ABOUT THIS EXERCISE:
Return the listing below exactly, with the pictures dropped.

COLLECTED MATERIAL:
--- --- ---

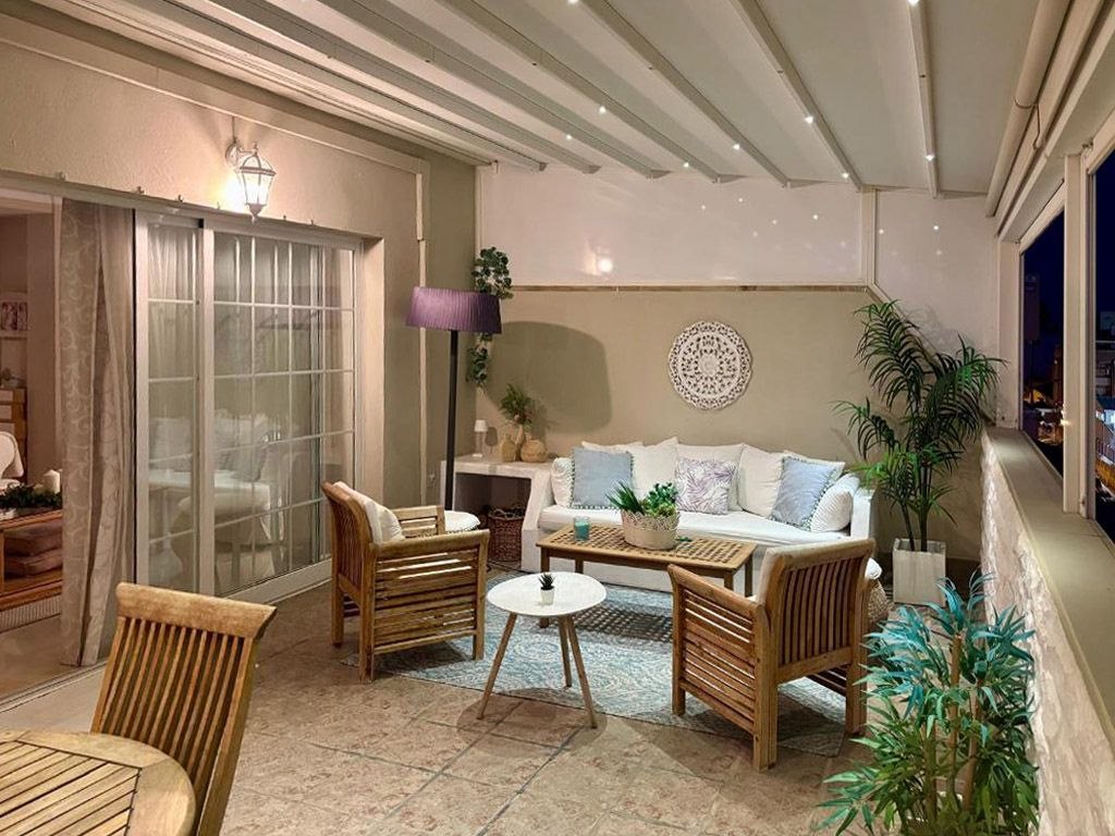 - Amplio salón comedor con acceso a una estupendo terraza de unos 40 m2. La terraza posee un toldo eléctrico que permite ser aprovechada incluso en estaciones frías.
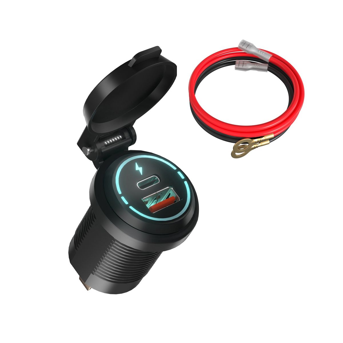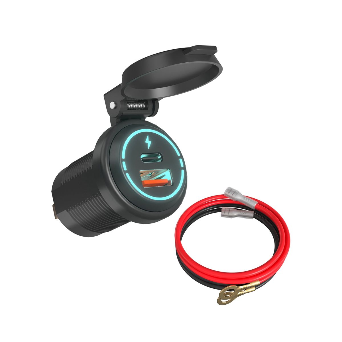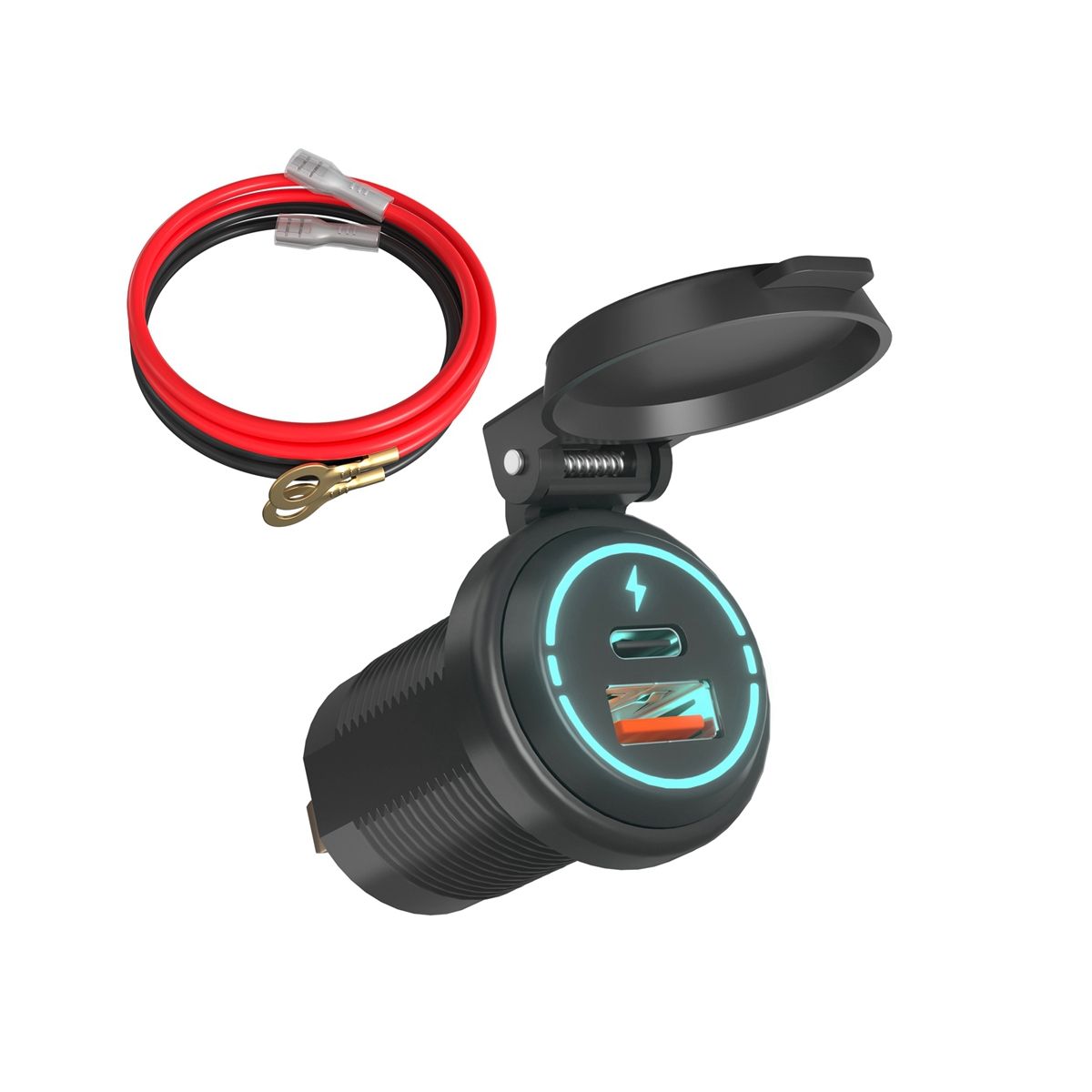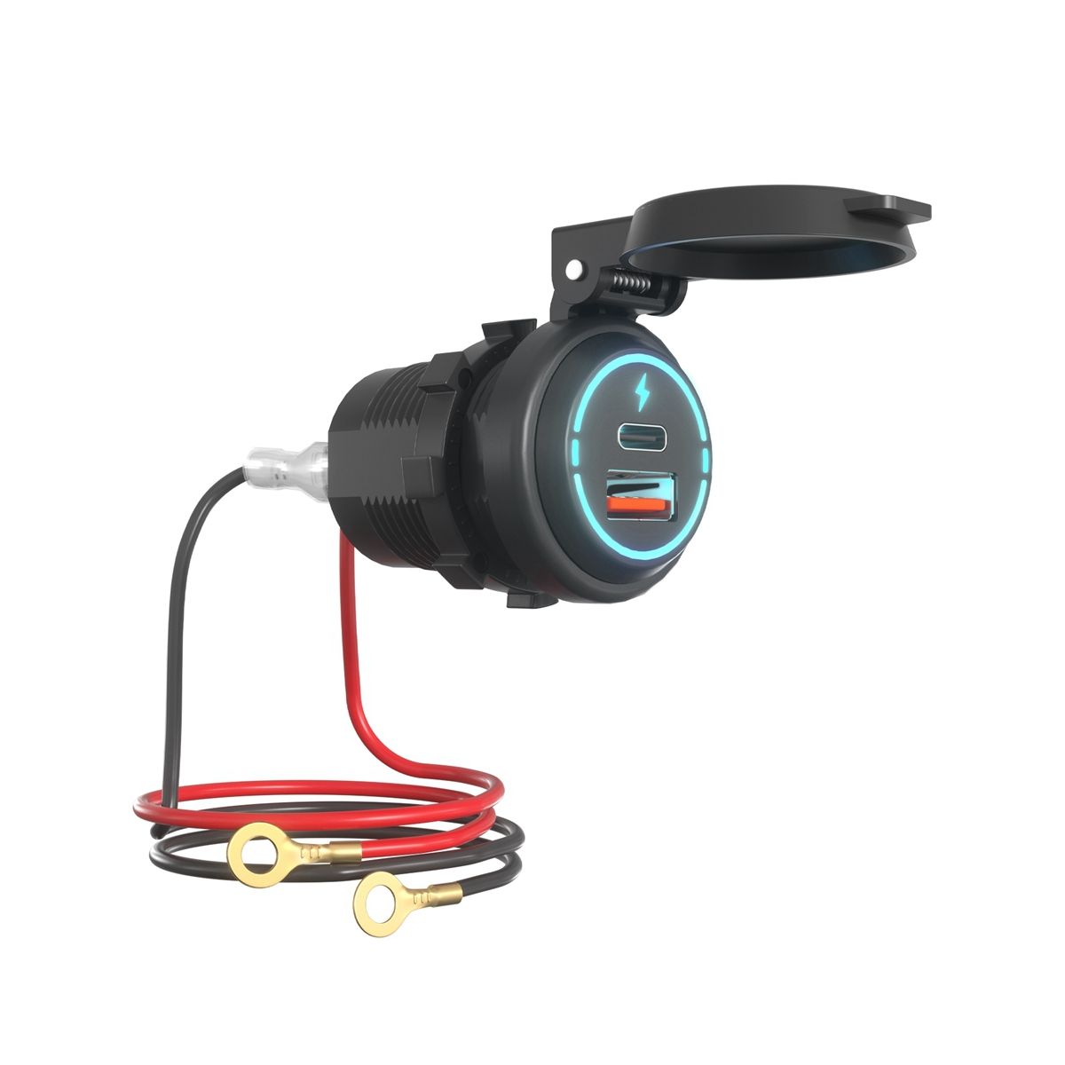 The USB charger is equipped with a fully sealed protective cap which is 100% waterproof and dustproof IP66 waterproof suitable for ships boats and motorcycles
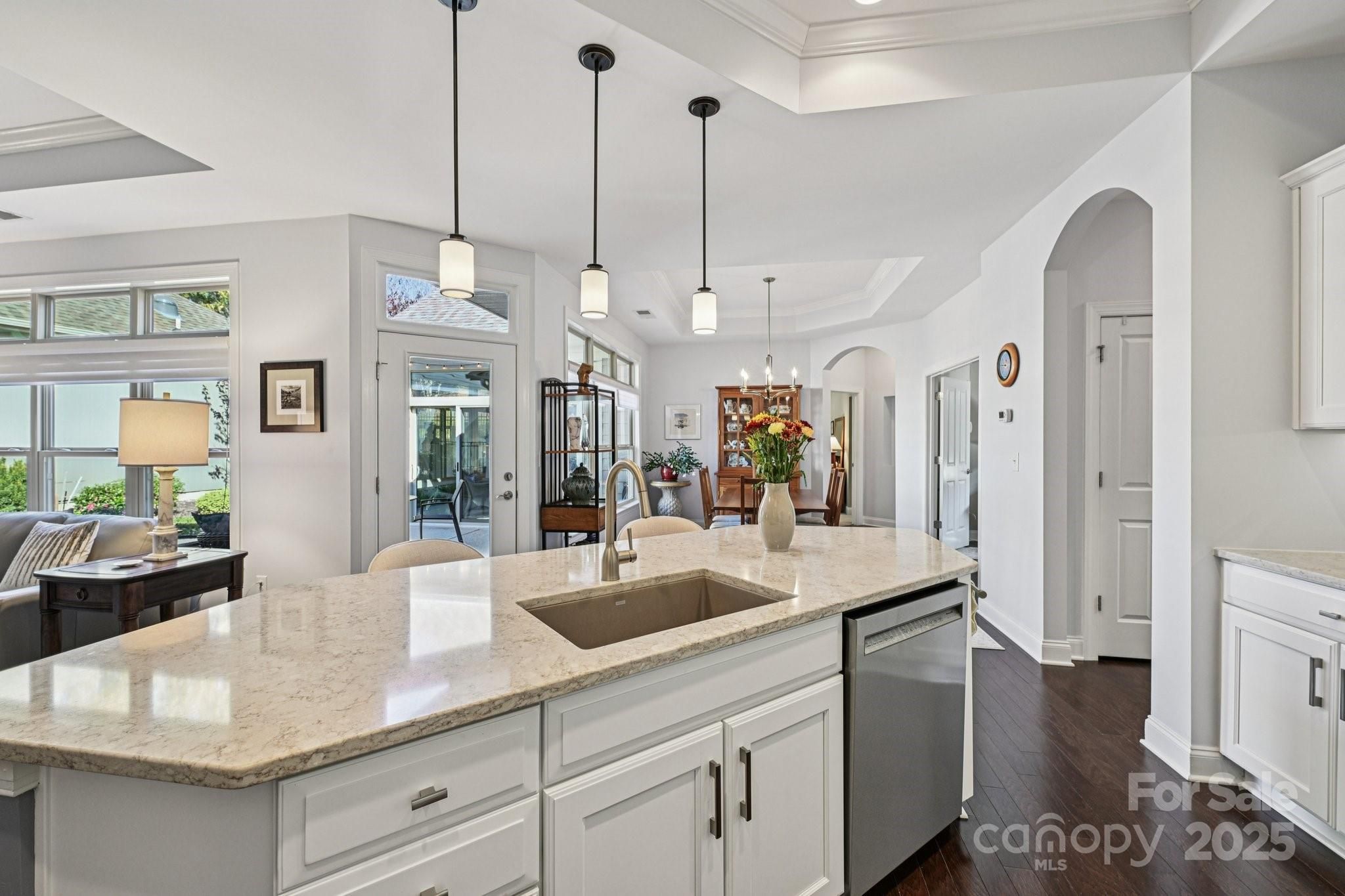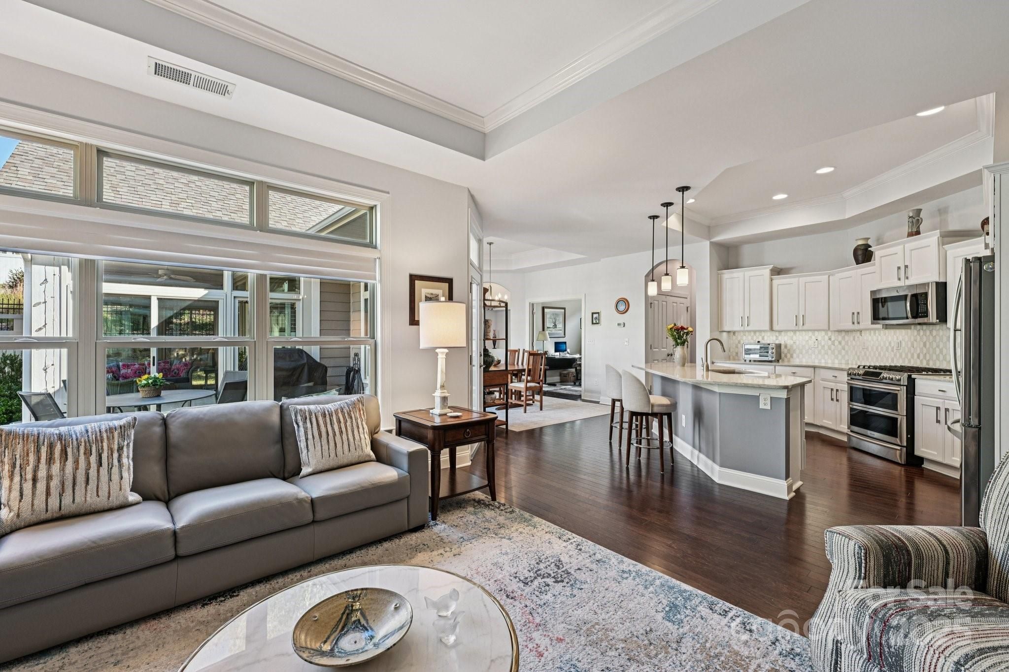 Discover effortless luxury in this beautifully upgraded 2-bedroom, 2-bath ranch in The Courtyards of Marvin—one of the Waxhaw and Charlotte area’s premier 55+ communities. Bright and open, windows everywhere bringing the outside in! This home features hardwood floors, recessed lighting and inviting living room with custom shades and dining area. The modern kitchen shines with quartz countertops, updated lighting, stainless steel apps, lovely white painted cabinetry with custom tile backsplash and a large island—perfect for everyday living or entertaining. A French-door den offers flexible space for work or relaxation. The serene primary suite impresses with a spacious bath featuring skylight, dual vanities and a zero-entry tile shower, plus generous walk-in closet. From the Primary suite, direct access to the lovely added Sunroom- what a treat to enjoy the outdoors protected and in privacy. Sizeable second bedroom and full bath provide ideal guest or hobby space. Outdoor living is effortless with a professionally coated anti-slip patio—complete with paver walk-ways and lush landscape, perfect for morning coffee or gatherings. Tons of storage available, interior storage closet and in the 2 car garage. Best of all, move-in ready with refrigerator, washer and dryer to remain! HOA-included lawn care means low-maintenance living at its finest. Enjoy the perfect blend of elegance, comfort, and convenience in this exceptional Courtyards of Marvin home.
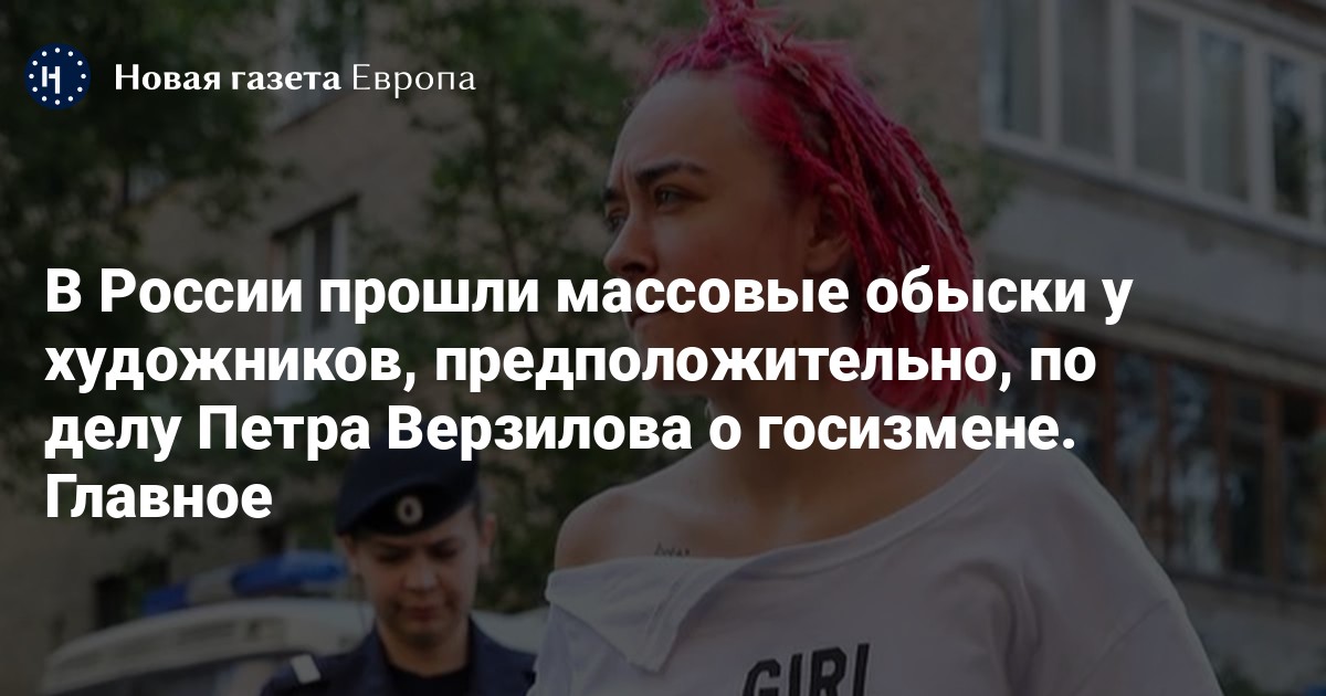 У художников и активистов по всей России прошли обыски. Как сообщил проект «Сетевые свободы», визиты силовиков связаны с новым уголовным делом о госизмене против участника Pussy Riot и бывшего издателя «Медиазоны» Петра Верзилова. «Новая-Европа» собрала все, что известно об этих обысках.

--- --- ---

EXERCISE ANSWER:
 - Amplio salón comedor con acceso a una estupendo terraza de unos 40 m2. La terraza posee un toldo eléctrico que permite ser aprovechada incluso en estaciones frías.
 The USB charger is equipped with a fully sealed protective cap which is 100% waterproof and dustproof IP66 waterproof suitable for ships boats and motorcycles
 Discover effortless luxury in this beautifully upgraded 2-bedroom, 2-bath ranch in The Courtyards of Marvin—one of the Waxhaw and Charlotte area’s premier 55+ communities. Bright and open, windows everywhere bringing the outside in! This home features hardwood floors, recessed lighting and inviting living room with custom shades and dining area. The modern kitchen shines with quartz countertops, updated lighting, stainless steel apps, lovely white painted cabinetry with custom tile backsplash and a large island—perfect for everyday living or entertaining. A French-door den offers flexible space for work or relaxation. The serene primary suite impresses with a spacious bath featuring skylight, dual vanities and a zero-entry tile shower, plus generous walk-in closet. From the Primary suite, direct access to the lovely added Sunroom- what a treat to enjoy the outdoors protected and in privacy. Sizeable second bedroom and full bath provide ideal guest or hobby space. Outdoor living is effortless with a professionally coated anti-slip patio—complete with paver walk-ways and lush landscape, perfect for morning coffee or gatherings. Tons of storage available, interior storage closet and in the 2 car garage. Best of all, move-in ready with refrigerator, washer and dryer to remain! HOA-included lawn care means low-maintenance living at its finest. Enjoy the perfect blend of elegance, comfort, and convenience in this exceptional Courtyards of Marvin home.
 У художников и активистов по всей России прошли обыски. Как сообщил проект «Сетевые свободы», визиты силовиков связаны с новым уголовным делом о госизмене против участника Pussy Riot и бывшего издателя «Медиазоны» Петра Верзилова. «Новая-Европа» собрала все, что известно об этих обысках.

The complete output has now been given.